How we cite our quotes: (Chapter.Paragraph)
Quote #1
"To speak is to name names, but to speak is not important. A thing happens once that has never happened before. Seeing it, a man looks upon reality. He cannot tell others what he has seen. Others wish to know, however, so they question him saying 'What is it like, this thing you have seen?' So he tries to tell them." (1.409)
The speech that gets our minds churning on symbols for the rest of the novel. Can words possibly describe reality? Sam says no, but then again, he's using words to describe the reality that they cannot describe reality… Whoa.
Quote #2
"They are our children, by our long-dead First bodies, and second, and third and many after—and so, ours is the parents' responsibility toward them." (2.298)
Although the Firsts fashion themselves as gods, these personas are just symbols meant to represent them as beyond human.
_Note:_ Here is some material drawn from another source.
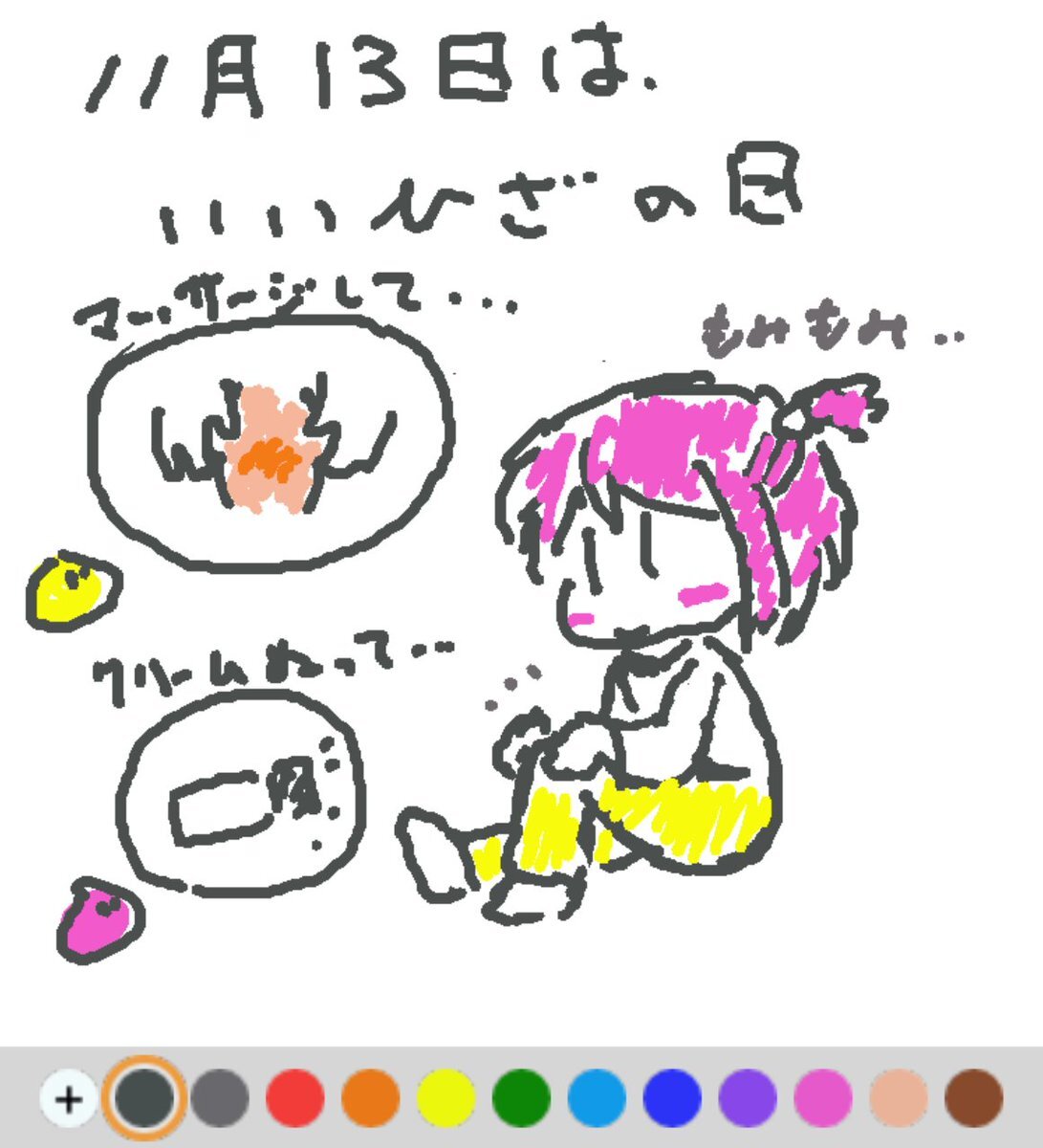 11月13日は、 いいひざの日でした♪ 日付は、「いい(11)ひざ(13)」と読む語呂合わせから♪ 寒さが増してひざが痛み出す時期に、ひざ関節痛の治療や予防を広く呼びかけるための日です(#^.^#) #REALITYで描いてみた #REALITYイラスト部 #朝の10分お絵描き #今日は何の日 pic.x.com/4X7QG3Mhqv

In fact, they're so human they are responsible for an entire planet filled with, yeah, humans.
Quote #3
Occasionally, the lamp would flare or sputter, and it was as if a nimbus of holy or unholy light played about their heads, erasing entirely the sense of the event, causing the spectators to feel for a moment that they themselves were the illusion, and that the great-bodied figures of the cyclopean dance were the only real things in the world. (3.22)
All art is symbolic in one way or another. Not to get all Matrix-y, but what happens when you can no longer tell the real world from the art world? What if the world we think is real is really just an elaborate artistic symbol? In fact, Buddhism and Hinduism do have a concept that suggests the illusionary and—dare we say, symbolic—nature of reality, maya.